*Exercise aim*: Under this line is some data; print exactly the lines from the one containing "The BERING watch" through its last line, without pictures.

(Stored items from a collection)

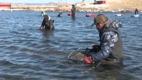 このアサリ漁は1970年から行われていて、冬場は閑散期となるコンブ漁業者の貴重な収入源となっています。
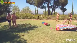 Группа парней и баб играет на воздухе, периодически трахаясь
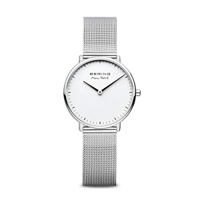 The BERING watch has a highly scratch-resistant and flat sapphire crystal covering the white dial Max René watch collection | change colors, change straps, change looks - the strap can be changed in seconds | quartz movement The case is made from silver IP-plated medical grade (316L) stainless steel. The case is 30 mm in diameter and 5 mm in thickness The strap is made from silver IP-plated milanese consisting of medical grade (316L) stainless steel. The straps length is 170 mm and the width is 14 mm Water resistant up to three ATM / 30 meters / 98 feet | General resistance to rain, splashing, accidental submersion and showering. Not suitable for swimming or bathing The watch comes with BERING original packaging
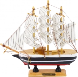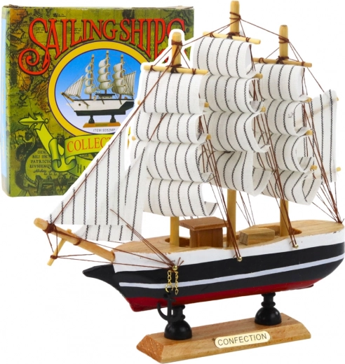 Questo modello compatto di veliero a tre alberi è una replica elegante di un'imbarcazione classica con un design contrastante nei colori nero, bianco e rosso. Le sue vele caratteristiche con sottili strisce e realistiche funi, insieme alla costruzione a tre alberi, lo rendono ideale per essere esposto.
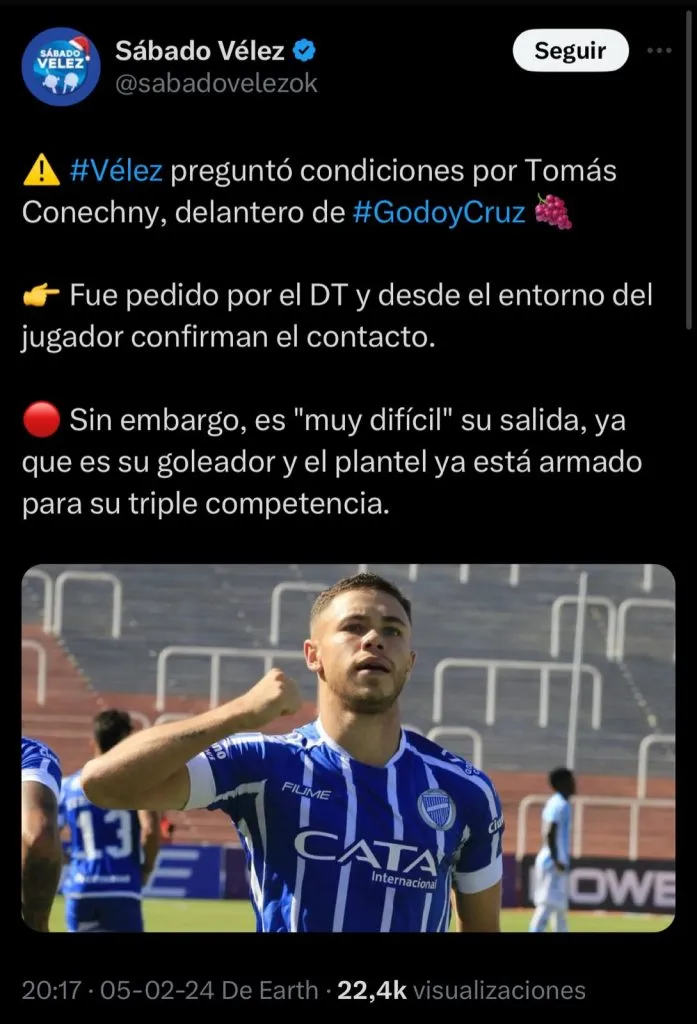 Según informó el sitio partidario del conjunto del ‘Fortín’, ‘Sábado Vélez’, los atacantes de Godoy Cruz, Tomás Conechny y Salomón Rodríguez están en la lista de posibles fichajes para el equipo de Quinteros.
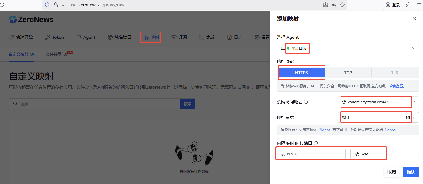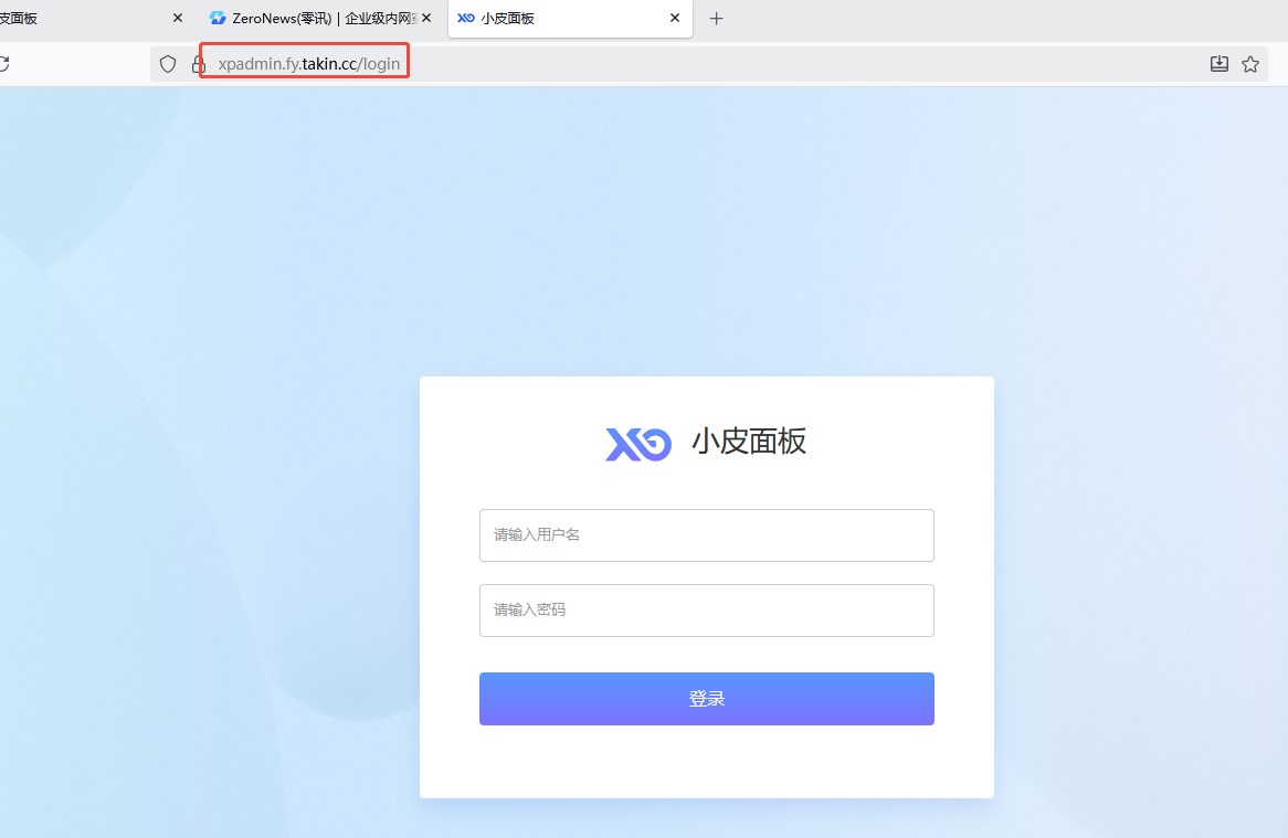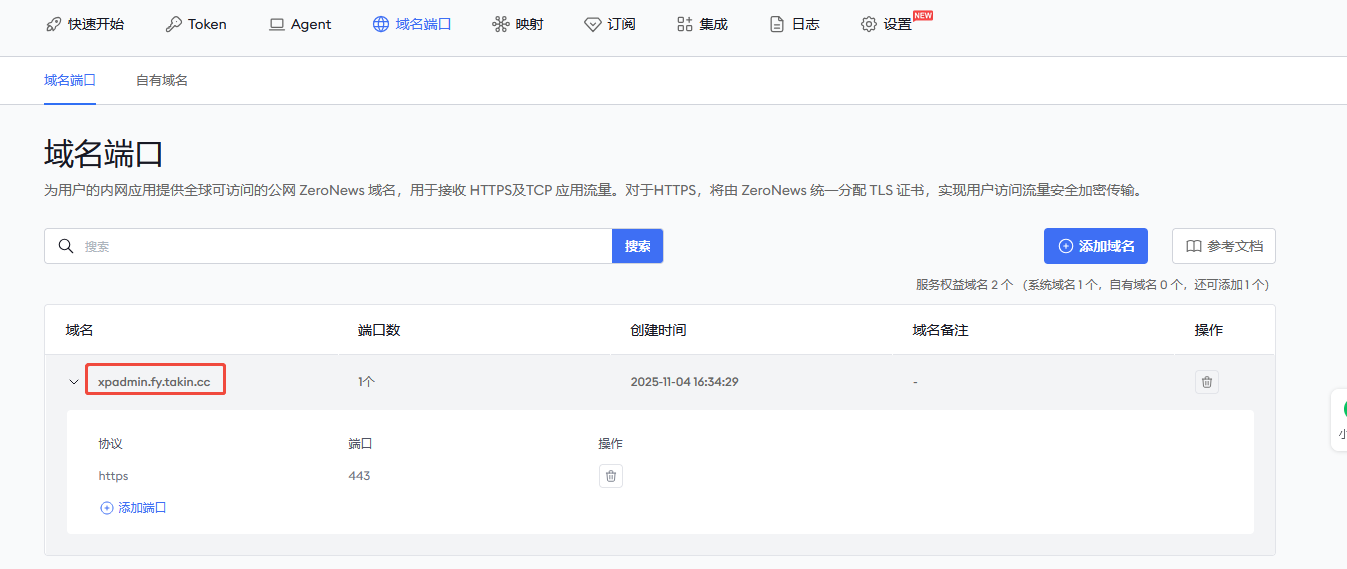 3.公网访问地址:选择 xiadmin 域名, xpadmin.fy.takin.cc

*Reply to the exercise*:
 The BERING watch has a highly scratch-resistant and flat sapphire crystal covering the white dial Max René watch collection | change colors, change straps, change looks - the strap can be changed in seconds | quartz movement The case is made from silver IP-plated medical grade (316L) stainless steel. The case is 30 mm in diameter and 5 mm in thickness The strap is made from silver IP-plated milanese consisting of medical grade (316L) stainless steel. The straps length is 170 mm and the width is 14 mm Water resistant up to three ATM / 30 meters / 98 feet | General resistance to rain, splashing, accidental submersion and showering. Not suitable for swimming or bathing The watch comes with BERING original packaging
 Questo modello compatto di veliero a tre alberi è una replica elegante di un'imbarcazione classica con un design contrastante nei colori nero, bianco e rosso. Le sue vele caratteristiche con sottili strisce e realistiche funi, insieme alla costruzione a tre alberi, lo rendono ideale per essere esposto.
 Según informó el sitio partidario del conjunto del ‘Fortín’, ‘Sábado Vélez’, los atacantes de Godoy Cruz, Tomás Conechny y Salomón Rodríguez están en la lista de posibles fichajes para el equipo de Quinteros.
 3.公网访问地址:选择 xiadmin 域名, xpadmin.fy.takin.cc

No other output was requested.